Reproduce the records below exactly, leaving their images out.

(Data excerpts)
Content starts

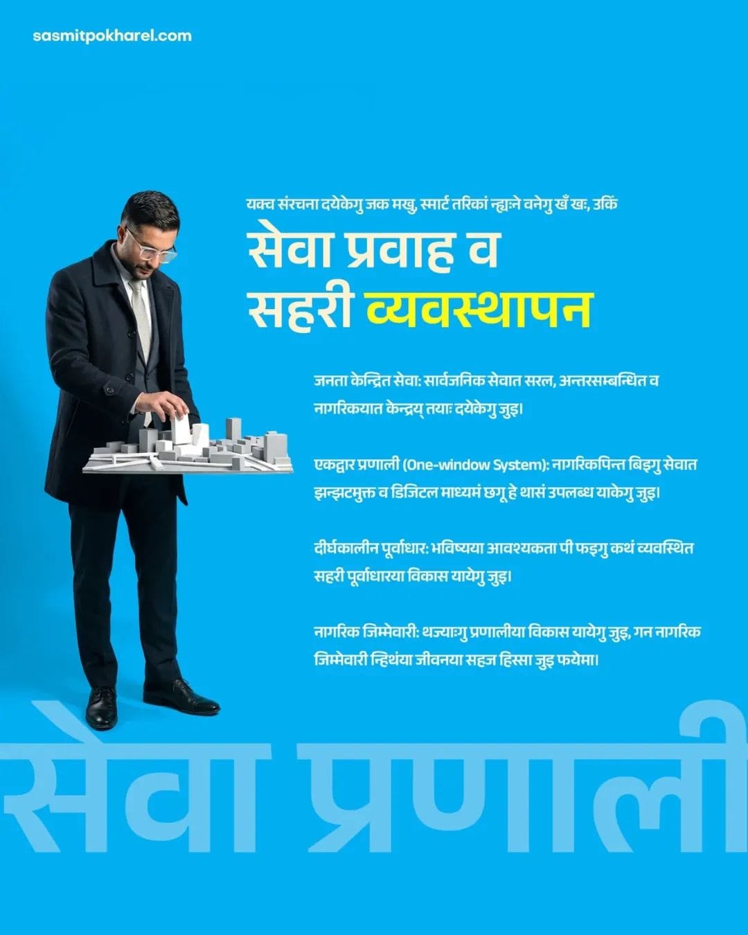 काठमाडाैँ । राष्ट्रिय स्वतन्त्र पार्टी (रास्वपा) का काठमाडौँ क्षेत्र नम्बर ५ का उम्मेदवार सस्मित पोखरेलले नेपाली,अङ्ग्रेजी साथसाथै नेवारी भाषामा पनि आफ्नो प्रतिवद्धतापत्र सार्वजनिक गरेका छन् ।
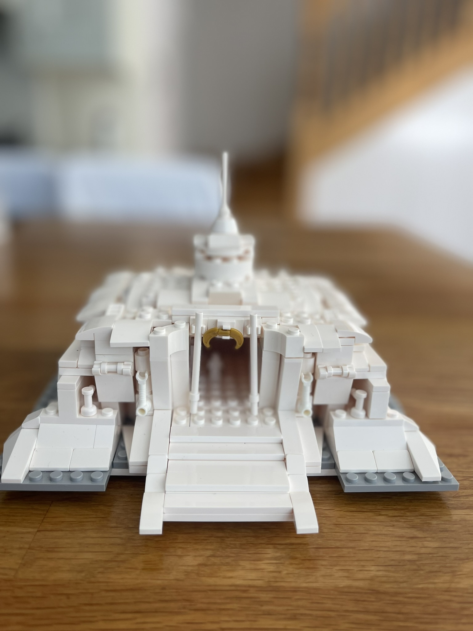 The next week of homework was to create a model or picture of your own Indian temple. I got very excited as I knew this man I could use Lego so I went up to my room and broke one of my completely white spaceships. It took me about an hour to complete and then I just brought it into school and everyone loved it.
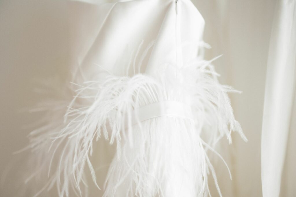 Ruuthin suunnittelema puku on valkoinen, ja asun kruunaa strutsinsulkavyö.
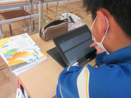 3/1(火) 2年生(国語)「構成や展開を工夫して書こう」 公開日 2022/03/01 更新日 2022/03/01 Rできごと 今まで学習してきた「起承転結」を意識して文章を書く授業でした。「ある日の自分の物語」のテーマのもと、過去の自分の出来事を振り返りながら書きました。どんどんタブレットに打ち込む生徒が多く、楽しみながら学習していました。
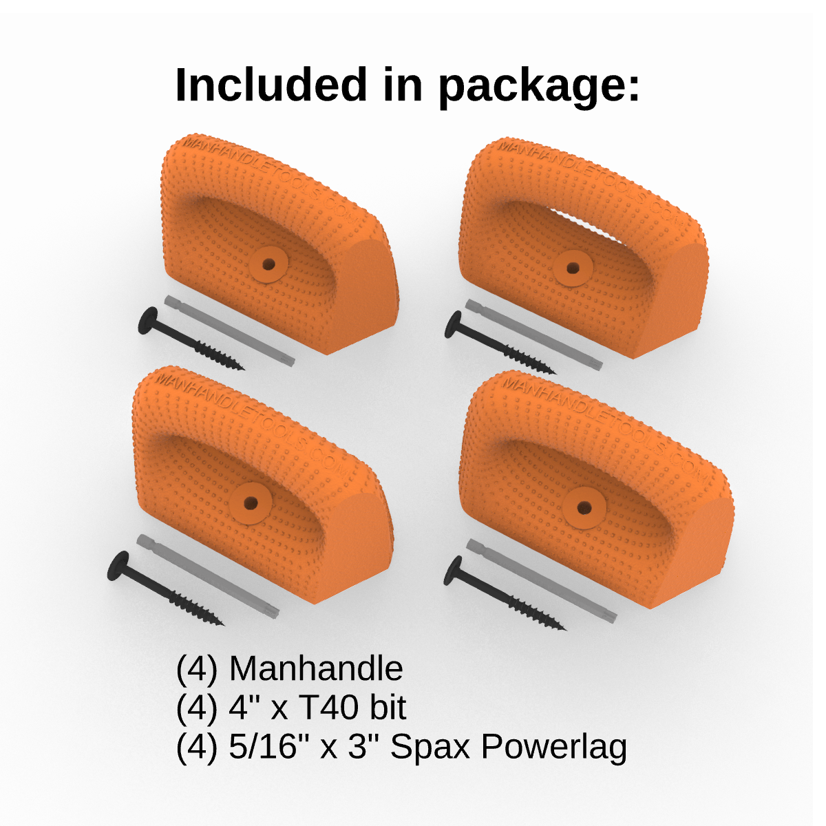Every Manhandle comes standard with a bit and screw: 4" T40 star-drive bit and 5/16" x 3" Spax Powerlag structural wood screw. No pre-drilling required. All you need to install the handle is a 1/4" electric drill or driver.

Content ends

_Output for this exercise_:
 काठमाडाैँ । राष्ट्रिय स्वतन्त्र पार्टी (रास्वपा) का काठमाडौँ क्षेत्र नम्बर ५ का उम्मेदवार सस्मित पोखरेलले नेपाली,अङ्ग्रेजी साथसाथै नेवारी भाषामा पनि आफ्नो प्रतिवद्धतापत्र सार्वजनिक गरेका छन् ।
 The next week of homework was to create a model or picture of your own Indian temple. I got very excited as I knew this man I could use Lego so I went up to my room and broke one of my completely white spaceships. It took me about an hour to complete and then I just brought it into school and everyone loved it.
 Ruuthin suunnittelema puku on valkoinen, ja asun kruunaa strutsinsulkavyö.
 3/1(火) 2年生(国語)「構成や展開を工夫して書こう」 公開日 2022/03/01 更新日 2022/03/01 Rできごと 今まで学習してきた「起承転結」を意識して文章を書く授業でした。「ある日の自分の物語」のテーマのもと、過去の自分の出来事を振り返りながら書きました。どんどんタブレットに打ち込む生徒が多く、楽しみながら学習していました。
Every Manhandle comes standard with a bit and screw: 4" T40 star-drive bit and 5/16" x 3" Spax Powerlag structural wood screw. No pre-drilling required. All you need to install the handle is a 1/4" electric drill or driver.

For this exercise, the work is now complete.